During fiscal 2022, we acquired an additional 20% ownership in Craftsman Homes, LLC and Craftsman Homes Development, LLC (collectively known as "Craftsman"), which gave us a 70% majority controlling interest. Craftsman is a manufactured home retailer with four locations in Nevada selling Company and other manufacturer branded homes. We also purchased certain manufactured housing assets and assumed certain liabilities of The Commodore Corporation ("Commodore"). Commodore added six manufacturing facilities and two wholly-owned retail locations, and also participates in commercial lending operations with its dealers.
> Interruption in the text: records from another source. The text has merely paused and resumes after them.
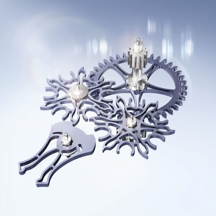 The Calibre 7135 features a newly designed Dynapulse escapement with a rolling transmission mechanism. It replaces the traditional lever escapement with a silicon-based intermediate wheel, offering higher efficiency, reduced wear, and exceptional magnetic resistance. The escapement’s components are skeletonized to reduce inertia, allowing smoother interaction between the gears and pallet fork. Ultra-precise lubrication, measured in nanoliters, ensures optimal oil distribution.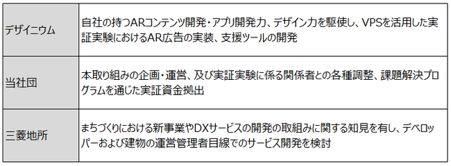本協業により、三菱地所のスマートシティの知見・ノウハウと、デザイニウムのAR領域における技術・開発力、弊社団が持つスピード感のある企画・実行力を融合させ、AR領域に新たなビジネスを創造し、市場の拡大・社会実装に貢献することを目指します。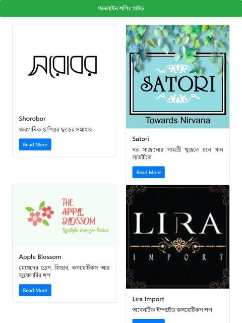 E commerce is getting popular day by day here in Bangladesh. People in BD are inclining towards online stores rather than physical shops or markets. Online Shopping guide BD is an e-commerce store introduction app made for Bangladesh. This online shopping apps introduces all the good quality online shops in BD and their Facebook page, phone number, what they offer etc. Hope this will help shoppers to get proper value of their money :) What you'll get here: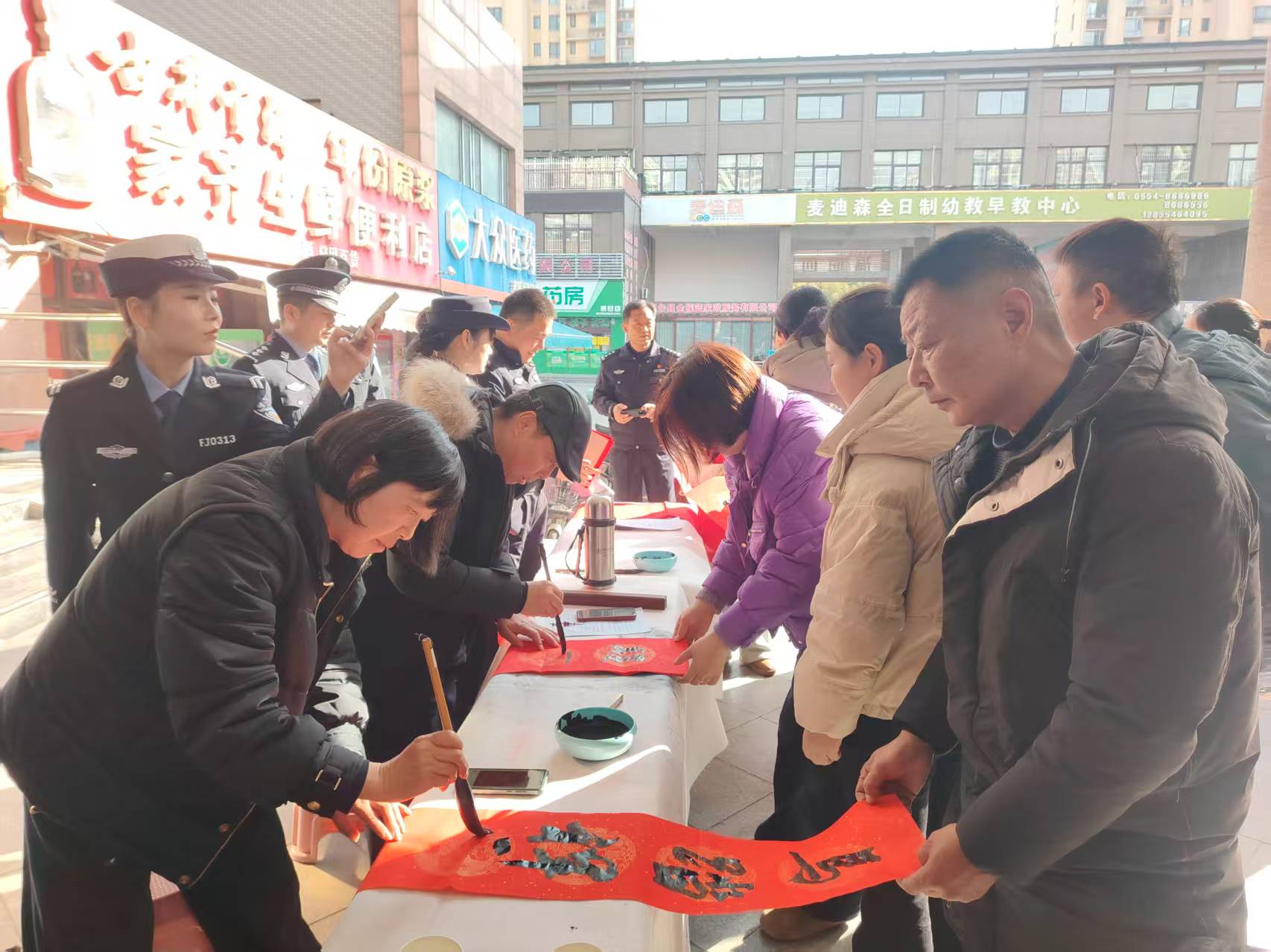 在福海园小区商业街,来自寿县和凤台县公安局有关警种的五名书法家挥毫泼墨,现场为围观群众书写包含“平安、祥和、祝福”的春联150余副和“福”字五十余个,部分民警辅警还现场进行了防诈骗等安全防范知识讲解,在祝福社区群众平安迎新年的同时,提醒大家要牢记安全知识,守护好自己的“钱袋子”。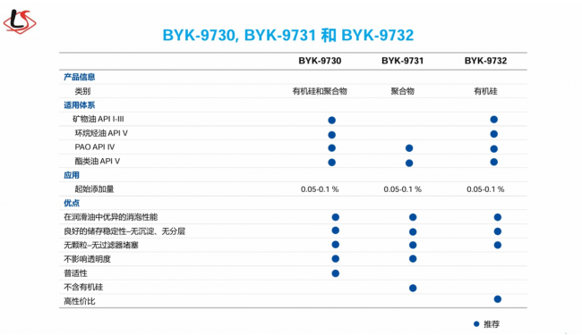 BYK-9730,用于常规基础油的多功能含硅和聚合物类消泡剂; BYK-9731,用于特定体系的非硅聚合物类消…

On January 3, 2023, subsequent to the end of the third fiscal quarter of 2023, we completed the acquisition of Solitaire Homes, including its four manufacturing facilities, twenty-two retail locations and its dedicated transportation operations. The addition of Solitaire Homes to our existing manufacturing and retail system strengthens our position in the Southwest and expands our manufacturing capabilities into Mexico.
Company and Industry Outlook
According to data reported by the Manufactured Housing Institute, industry home shipments through November 2022 were 106,454, an increase of 8.9% compared to 97,745 shipments in the same period last year.
The industry offers solutions to the affordable housing crisis and these shipment numbers reflect the industry's ability to produce in the current environment. The average price per square foot for a manufactured home is usually lower than a site-built home. Also, based on the comparatively low cost associated with manufactured home ownership, our products have traditionally competed with rental housing's monthly payment affordability.
The two largest manufactured housing consumer demographics, young adults and those who are age 55 and older, are both growing. "First-time" and "move-up" buyers of affordable homes are historically among the largest segments of new manufactured home purchasers. Included in this group are lower-income households that are particularly affected by periods of low employment rates and underemployment. Consumer confidence is especially important among manufactured home buyers interested in our products for seasonal or retirement living.
We employ a concerted effort to identify niche market opportunities where our diverse product lines and custom building capabilities provide us with a competitive advantage. We are focused on building quality, energy efficient homes for the modern home buyer. Our green building initiatives involve the creation of an energy efficient envelope resulting in lower utility costs, as well as the higher utilization of renewable materials in our manufacturing process. We also build homes designed to use alternative energy sources, such as solar.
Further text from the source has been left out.